Over the last few years I’ve experienced loss in a way that’s felt different. The death of a good friend from my first job. The death of an acquaintance. The death our family dog.
One main difference between these deaths and those I experienced in the past is that these took place in my peer group. Not grandparents or distant memories. People in my circle who I knew and, I imagine, had the same big dreams, aspirations, life plans as I did. And my dog, well. Being there as we put him to sleep, feeling the weight of his body — that was a new reckoning of sorts.
These experiences got me thinking about life, and expectations. The expectations of having a career, having a family, seeing my kids grow up. What they’ve helped me remember is that all of my expectations are just that — what I expect. Me. Not what is given, or written.
Through the wisdom of others, and my own experience – life, I’ve come to learn, has very few actual rules. The communities of which I’ve been a part have done an amazing job of creating structures. Weekdays, zip codes, parking laws, dress codes, titles at work. Structures on structures on structures. And yet in their very essence — they’re just that. A set of human-created ways to tackle this hugely blank thing called existence. A large paper castle floating precariously on an ocean that’s happy to swallow it up at any minute. Or not. Having lived in these structures my entire life, I guess I forgot who put them in place.
For me this knowing is both terrifying, and liberating.
Terrifying in that if life has no rules, it can slip away at any minute, without so much as an inkling. One moment it’s here, another it’s not. No meaning to either mode. No court of law, no presiding judge to sort out the facts and provide an explanation.
Liberating in that wow — what limit is there to what’s possible? I’ve sprouted on this rock floating through a space infinitely bigger than I can imagine. Of what consequence is anything I do? What use is there in worrying about what others think, what boundaries exist, to not carve whatever path through life that I like? The options.

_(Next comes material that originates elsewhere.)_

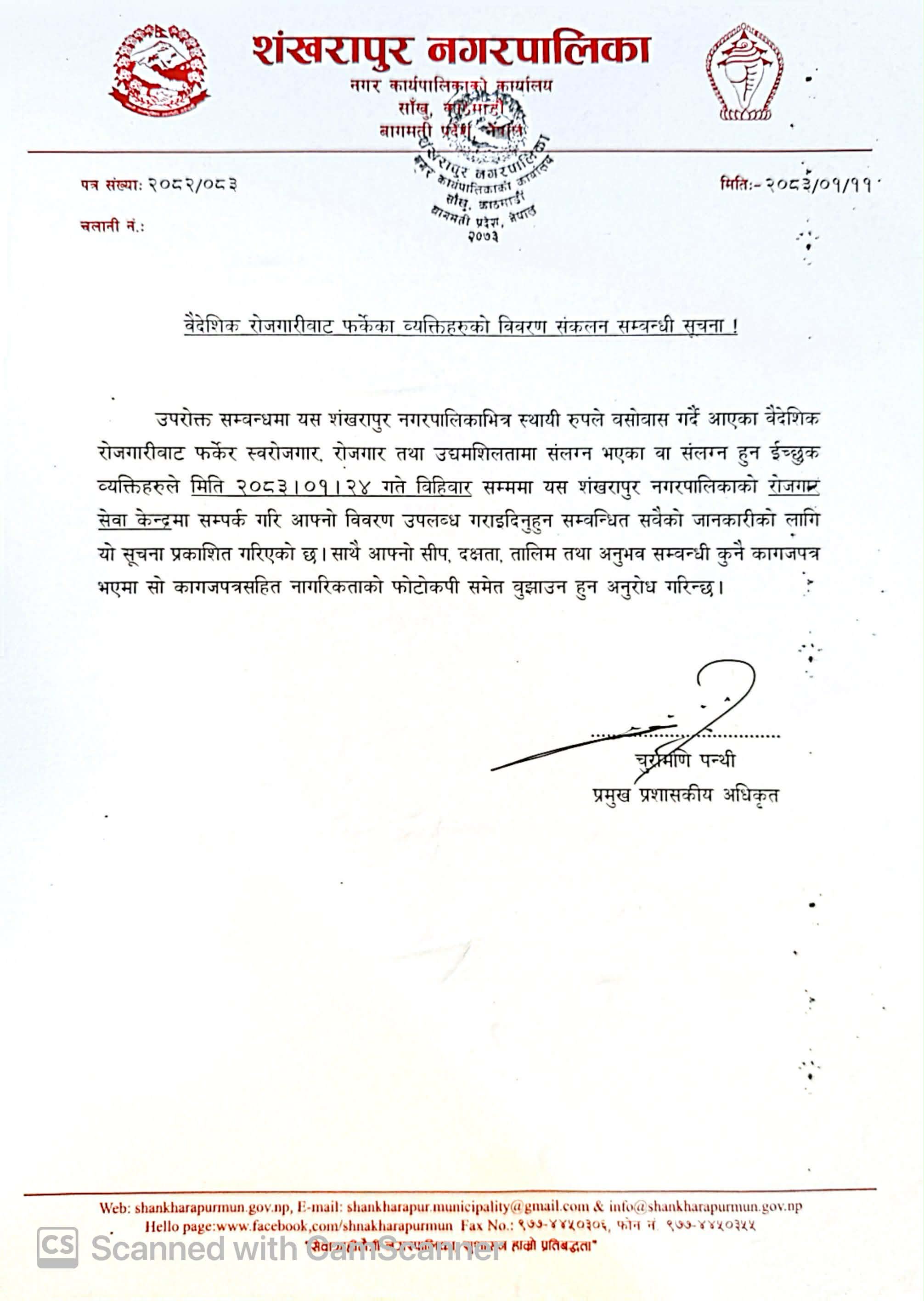 वैदेशिक रोजगारीबाट फर्किएको व्यक्तिहरुको विवरण संकलन सम्बन्धी सूचना।

Of course, no matter what path I do carve, at the end of the day I do live within a social system with well-defined rules. Some of which, if broken, can lead to a pretty uncomfortable day-to-day. But within that frame, and even outside it (what if we changed the rules?) there’s that endless sea of possibility. That blank canvas to be explored. And what better tribute to those who passed too soon, than to explore it with abandon.